Artists use the tools that serve their purposes, and those tools evolve with evolving technology, and as the technology changes, often the artist’s purpose subtly changes as well. The history of painting, as an example, is in part a history of the changing chemical composition of paint allowing new and different painting styles. Artistic innovations that have a technological component take nothing away from the genius of those that use new technologies for creative ends. But new abilities made possible by technologies can distort creativity by making the creative end subservient to the means by which it is produced. They can become, in Thoreau’s words, “improved means to an unimproved end.”
If you are a painter, you can paint with oil paint, acrylics or watercolor. It’s essentially the same process using different materials, the end results varying to the extent that different paint mediums allow more easily for different modes of painterly expression. For most of photographic history, by contrast, photographs were only made from photographic film strips that ran through a camera, were chemically processed and made into prints that were published, hung on or projected onto walls, or pasted into scrapbooks. Over the past decade the transformation to digital processes has changed how photos are produced, distributed and consumed, and has given rise to the common idea that film is now “dead,” with no further application to the visual arts than as a quaint antique throwback.
Given the ubiquity of digital photography and the standard photographic tropes that have come to predominate in its wake, its easy to forget that photography using film is still available as a viable option and still works as it always has. Film isn’t dead. There is nothing inevitable or necessary about the end of film, no matter how seductive the digital technologies and gadgets that have transformed photography. There’s a false determinism that shapes discussions about traditional film photography and obscures the fact that film photography has been eclipsed not because digital is inherently “better,” but because it’s easier. Some of us prefer the slow road, and we need not apologize or defend in the face of the ignorance of the digital masses.

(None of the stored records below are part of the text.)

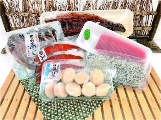 (アジの開き4枚、鮭切身3切、しらす1パック、うなぎ1尾、めばちまぐろ1作、ホタテ貝柱1パック)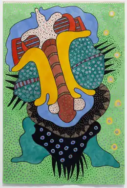 John Schacht (February 12, 1938 – August 10, 2009) was a self-trained, American artist based in the Midwest.[1][2] His art ranges from biomorphic abstract paintings to folk-inspired, semi-representational drawings to ritual-like performances, altars and assemblages.[3][4][5][6] Critics sometimes relate his work to Chicago Imagism due to shared affinities for fantastical and erotic imagery, Pop art-like psychedelia, and folk-art and vernacular sources.[4][3][1] Friends and colleagues have stated, however, that Schacht, who exhibited inconsistently during his lifetime, was never part of that circle.[5][7] Schacht was a pre-Stonewall generation gay man; New Art Examiner critic Michel Segard sees in his work a "palpable" sense of the emotional isolation of the closeted gay culture of the 1970s and 1980s.[1] Schacht's work has received its fullest recognition posthumously, through reviews in The New York Times, New Art Examiner, The Brooklyn Rail and Vulture of exhibitions at The Knockdown Center in Queens, New York (2016) and Iceberg Projects in Chicago (2018).[4][1][3][8]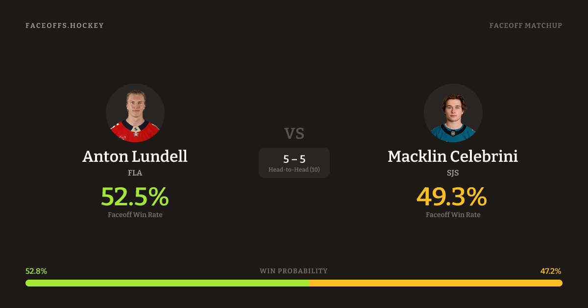 Anton Lundell vs Macklin Celebrini — Faceoff Head-to-Head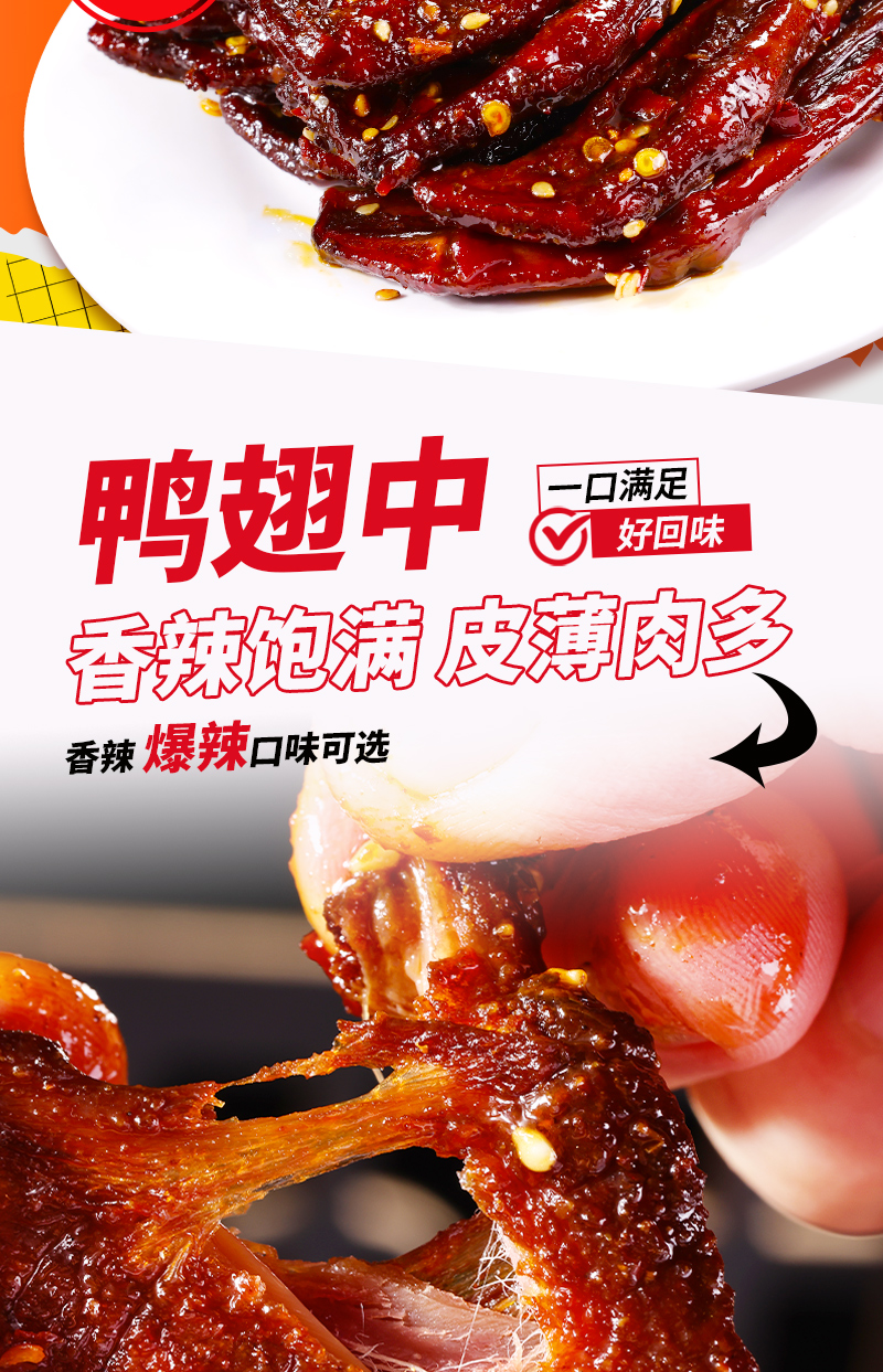 馋小乖香辣鸭翅中 香辣味 4包 100g*4 单位:包 黄色

There’s another factor at work in this transformation, one that I find the most insidious from a cultural perspective: it is the quixotic desire of digital users for a false perfection, the need to idealize photographic representations and distort what we experience as the real. It is a compulsion for the perfect view, clinically produced, with the imperfections of the real surmounted and dissolved. Everything turned to the aesthetic of the commercial and the false reality of advertisement. It’s partly in the nature of digital mediums – easy, quick and immediate manipulations- but is also the result of a cultural shift brought about by a contrived reality drummed into us on billboards, in our printed materials, and on television by consumer capitalism, where everything has a sales value and everything for sale must be perfect.
I find the use of film to be a welcome antidote to this cultural airbrushing of reality. What I love about film photography are its imperfections – the formalism of black and white, the serendipity of the grain, the inexactitude of vintage optics, the contrast and blur of HP5 pushed to 1600 iso and handheld at 1/8th of a second. Choosing to use film, subjecting oneself to the confines of its imperfections, is a reaffirmation of traditional photography’s unevenness, an embrace of its variability and an acknowledgement that, if we are to approach perfection, we may only do so via the imperfect. “The grandeur of the Old Masters,” as Delacroix put it, “does not consist in the absence of faults.” Seduced by the exactitude of digital photography, current photographic tastes threaten to banish clumsiness, serendipity, human flaws and necessary imperfections forever, falsely idealizing the quotidian and threatening a schizophrenic disjunction between what really is and how we represent it to others. Our response should be a return to the imperfect, rediscovering the blemishes and waywardness of life, and the real perfection that lies therein.